I’m running on Ubuntu 20.04 with PyTorch 1.13 on an inf2.8xlarge instance.
The command I run from within the aws_neuron_venv_pytorch
venv:
optimum-cli export neuron -m meta-llama/Llama-2-13b-hf --sequence_length 4096 --batch_size 1 llama-2-13b-neuron-4096-1
The output:
/usr/lib/python3.8/runpy.py:127: RuntimeWarning: 'optimum.exporters.neuron.__main__' found in sys.modules after import of package 'optimum.exporters.neuron', but prior to execution of 'optimum.exporters.neuron.__main__'; this may result in unpredictable behaviour
warn(RuntimeWarning(msg))
Traceback (most recent call last):
File "/usr/lib/python3.8/runpy.py", line 194, in _run_module_as_main
return _run_code(code, main_globals, None,
File "/usr/lib/python3.8/runpy.py", line 87, in _run_code
exec(code, run_globals)
File "/opt/aws_neuron_venv_pytorch/lib/python3.8/site-packages/optimum/exporters/neuron/__main__.py", line 342, in <module>
main()
File "/opt/aws_neuron_venv_pytorch/lib/python3.8/site-packages/optimum/exporters/neuron/__main__.py", line 325, in main
input_shapes = normalize_input_shapes(task, args)

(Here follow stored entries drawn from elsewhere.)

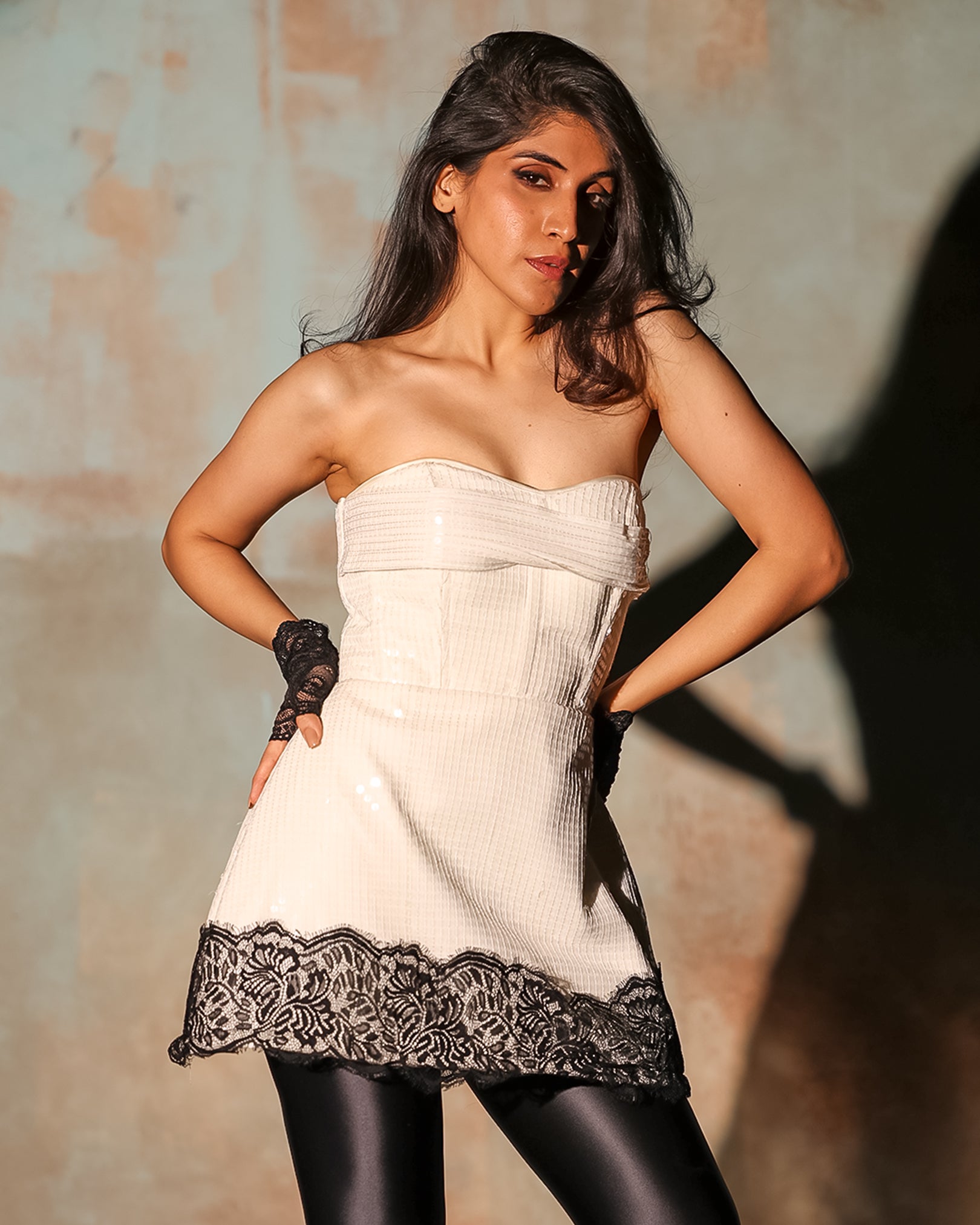 Bathed in moonlit allure, the Lune Blanche dress reimagines classic corsetry through a modern, romantic lens. Its ivory surface shimmers with transparent sequins, subtly catching the light with every movement. The silhouette is sculpted through delicate boning from waist to hem, tracing the contours of the body with precision. Black Chantilly lace frames the hemline — a whisper of contrast that deepens the look’s mystique. Finished with a lace-up back, Lune Blanche is both structured and ethereal — a portrait of luminous restraint.
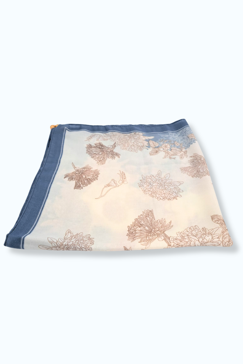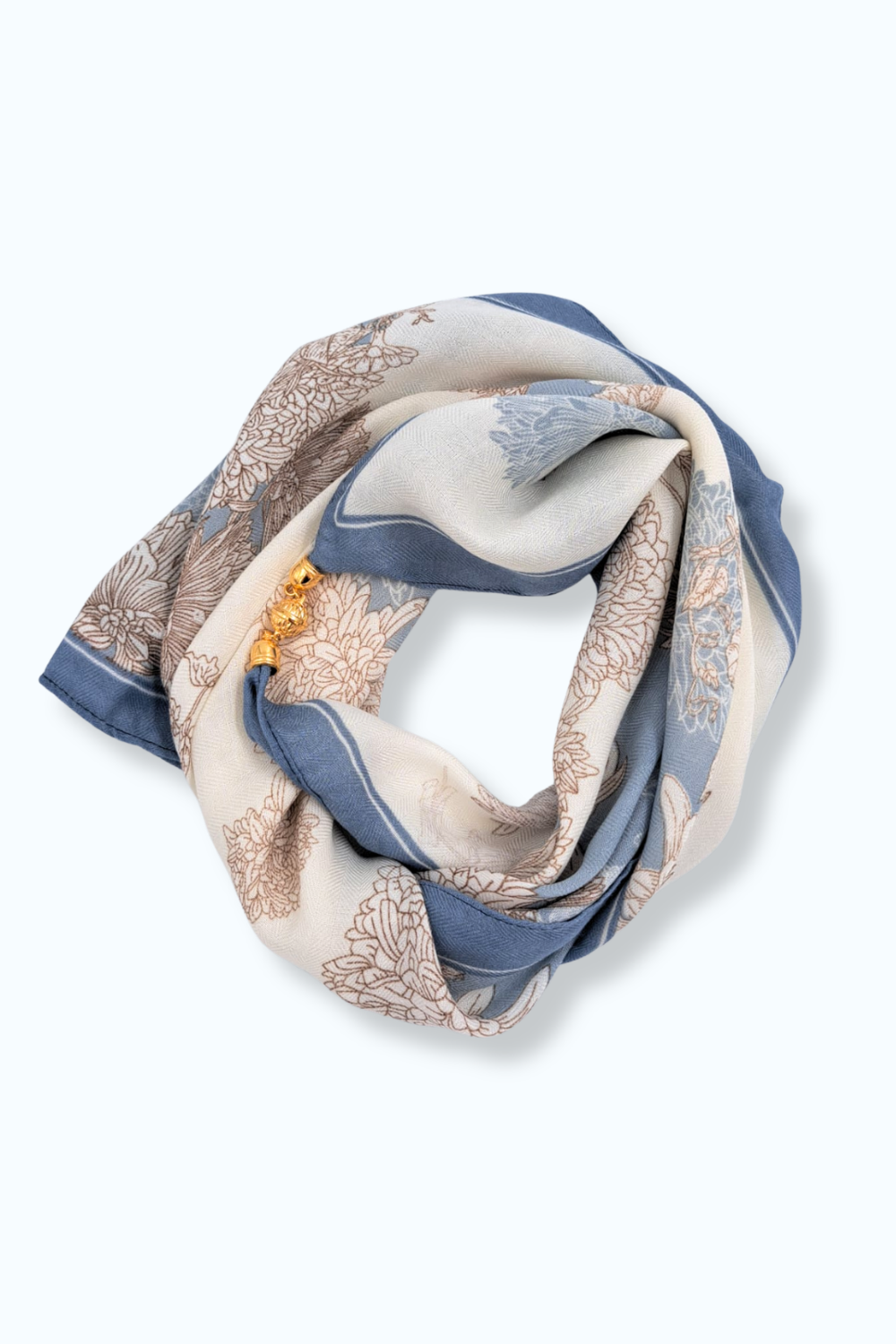 Zachte sjaal met een bloemenprint in de kleuren blauw en taupe. Bevat een goudkleurige magnetische sluiting, zodat hij goed op zijn plek blijft zitten.
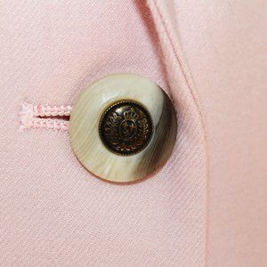 It features a slanted welt chest pocket, streamlined jetted front pockets and classic notched lapels. The single button closure creates a refined and feminine look. The button itself is beautiful, with a horn texture at the outside and an exquisite embossed crest at the center in bronze metal. It is fully lined in a silky acetate that sports a lovely woven diamond pattern. The sleeves have a single button each (matching the custom button in front). The back is ventless in true 80s fashion. And let's talk about the glorious color for a moment: a heavenly blush pink that will elevate any outfit and is perfect for springtime dressing! More info in comments!

File "/opt/aws_neuron_venv_pytorch/lib/python3.8/site-packages/optimum/exporters/neuron/__main__.py", line 109, in normalize_input_shapes
mandatory_axes = neuron_config_constructor.func.get_mandatory_axes_for_task(task)

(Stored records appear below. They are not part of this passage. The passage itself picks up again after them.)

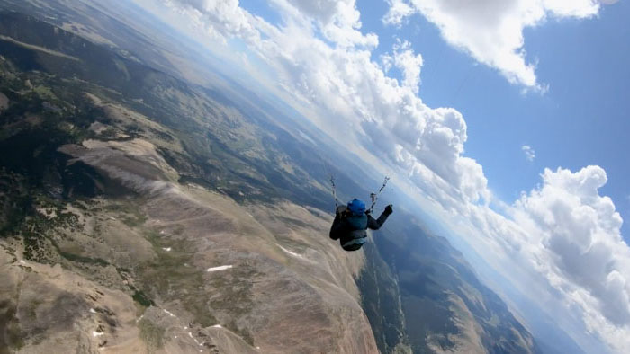 “…adventurer Peter Thompson attempts to hike and paraglide across the Colorado Rockies…”
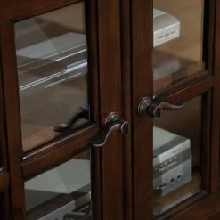 A wealth of architecturally inspired details give the Leick Home 4 Door Corner TV Console with Lever Handles a Craftsman-style touch. The Heartwood Cherry finish sets the perfect scene for the serpentine-shaped top edge, plinth base, mullioned door elements, and bronze lever pulls. And you’ll adore the storage, which features four doors with adjustable interior shelving and perforated backs for easy cord management. The two center doors feature infrared-friendly glass fronts, too.
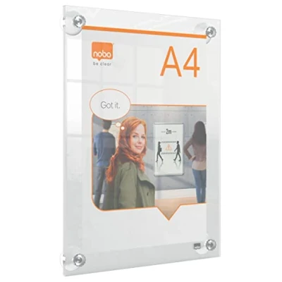AmazonWall mountable and repositionable A4 clear acrylic sign holder with a modern frameless design that gives a stylish and contemporary feel, ideal for temporary or permanent signage or displays in any setting With an A4 size display area, this poster frame is suitable for advertising, information, labels, certificates, documents, posters, photos and more Poster frame is easy to use and easy to update, the 2 sheets of strong, clear, wipe-clean transparent acrylic offers quick and easy content changes Sign holder can be wall mounted with the movable suction cup mounting onto non-porous surfaces in portrait or landscape format Contents: 1 x Nobo A4 Acrylic Wall Mounted Repositionable Poster Frame, Clear, 1915600
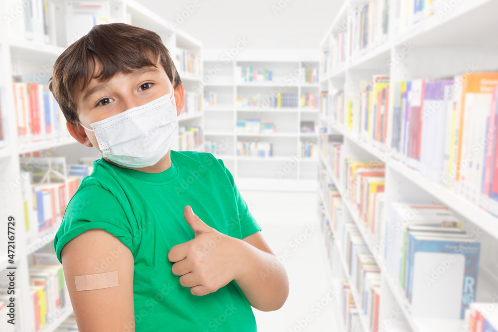 Child kid with plaster after Coronavirus vaccination wearing face mask against Corona Virus showing thumbs up at school COVID-19 Covid copyspace copy space
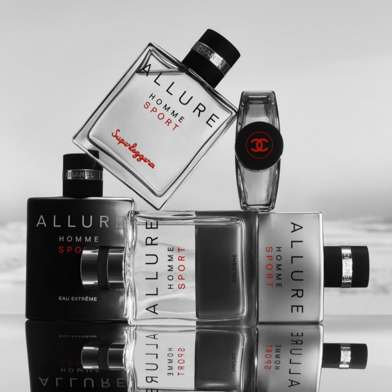 Compatto, preciso e dalle linee affusolate, il flacone emblematico di ALLURE HOMME SPORT è rielaborato in vetro fumé trasparente. Simbolo di eccellenza ed esclusività, la firma emblematica “Superleggera” è incisa in rosso sul flacone. Un dettaglio che ne esalta l’allure sportiva.

AttributeError: type object 'LLamaNeuronConfig' has no attribute 'get_mandatory_axes_for_task'
Traceback (most recent call last):
File "/opt/aws_neuron_venv_pytorch/bin/optimum-cli", line 8, in <module>
sys.exit(main())
File "/opt/aws_neuron_venv_pytorch/lib/python3.8/site-packages/optimum/commands/optimum_cli.py", line 163, in main
service.run()
File "/opt/aws_neuron_venv_pytorch/lib/python3.8/site-packages/optimum/commands/export/neuronx.py", line 155, in run
subprocess.run(full_command, shell=True, check=True)

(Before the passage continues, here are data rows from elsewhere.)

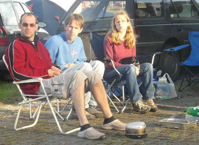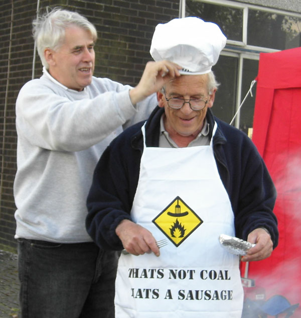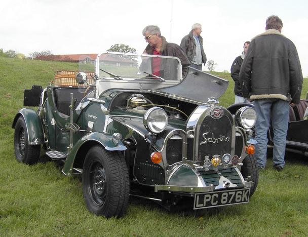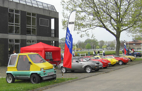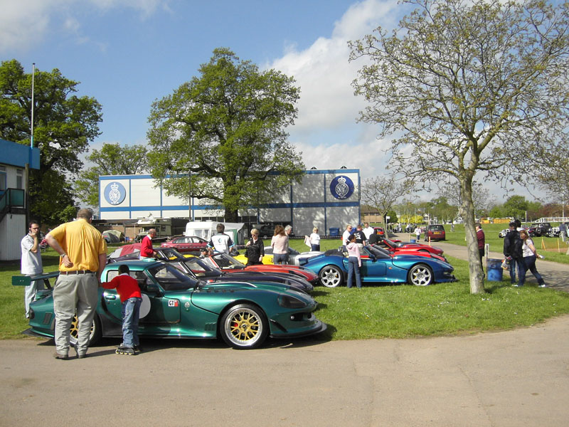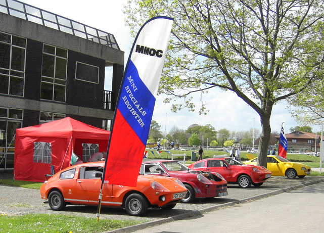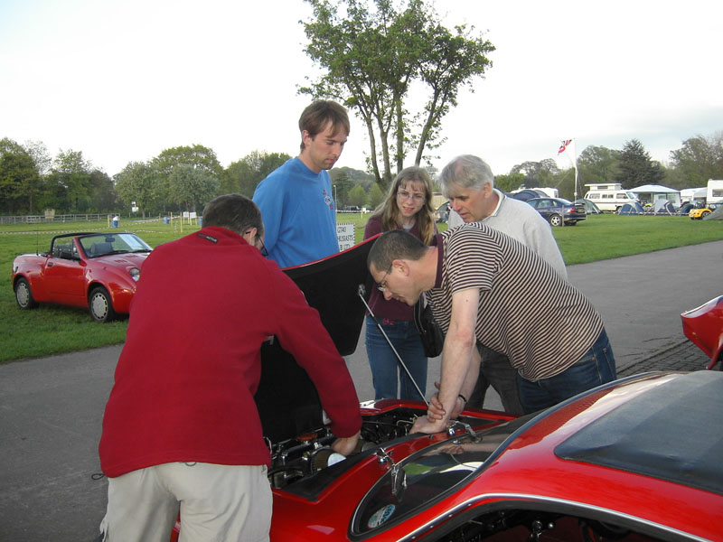 3: Club stand on Sunday. Two other Mini Marcoses were present. 4, 5:BBQ Boss Mike Perkins (and it was all Roger's doing). 6: Five heads are better than one (but not a lot) - Howard Plant's Mini Marcos engine proved a little difficult to coax into life. 7: I think I've been spotted here! 8: The big Marcoses arrived in convoy on Monday having spent Sunday at Rockingham. 9, 10: A one-off (thankfully) Mini engined special called Sabrina. 11, 12: The Z-cars bike-engined, spaceframe, Mini profile racer. 13: The coating is supposed to reflect flash, but it's not much protection from digital cameras! 14: A somewhat depleted club stand on Monday. (Photos © 2005 Richard Porter) |
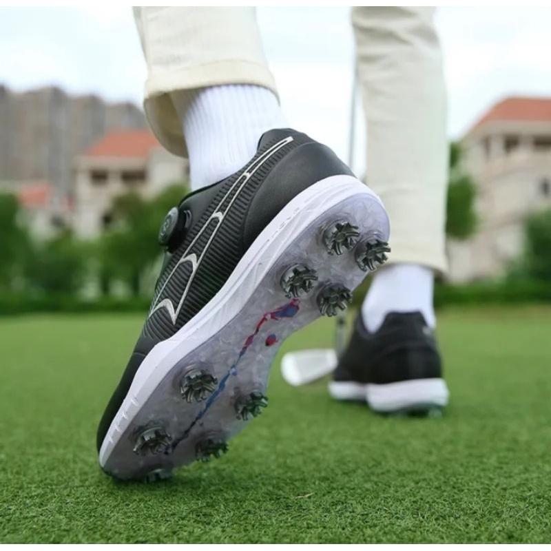 Detail Sepatu Golf Tali Knob BOA Golf Shoes Black 8002
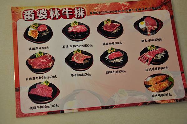 這裡的餐點,從最便宜50元的鐵板麵、100元的牛豬雞排到600元的巨無霸牛排,全部任君挑選。
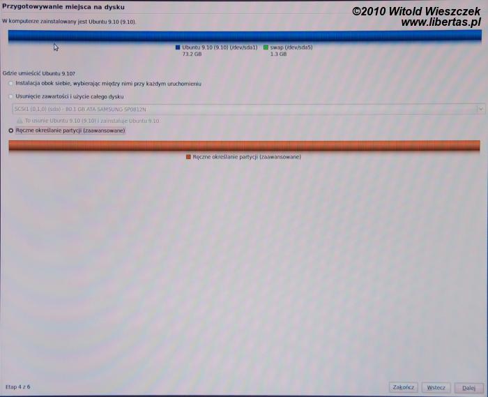 Najwygodniej i najprościej jest oczywiście w sytuacji, gdy mamy czysty dysk, ew. wszystkie dane zrzuciliśmy na płyty i możemy sobie pozwolić na podzielenie dysku od nowa. Jeśli chcemy używać również Windowsa, to proponuję zainstalować go w pierwszej kolejności. Jeśli mamy duży dysk możemy sobie pozwolić na lekką rozpustę i w trakcie instalacji przydzielić mu partycję 10-20GB. Pozostałą część dysku najlepiej zostawić na razie niezagospodarowaną.

File "/usr/lib/python3.8/subprocess.py", line 516, in run
raise CalledProcessError(retcode, process.args,
subprocess.CalledProcessError: Command 'python3 -m optimum.exporters.neuron -m meta-llama/Llama-2-13b-hf --sequence_length 4096 --batch_size 1 llama-2-13b-neuron-4096-1' returned non-zero exit status 1.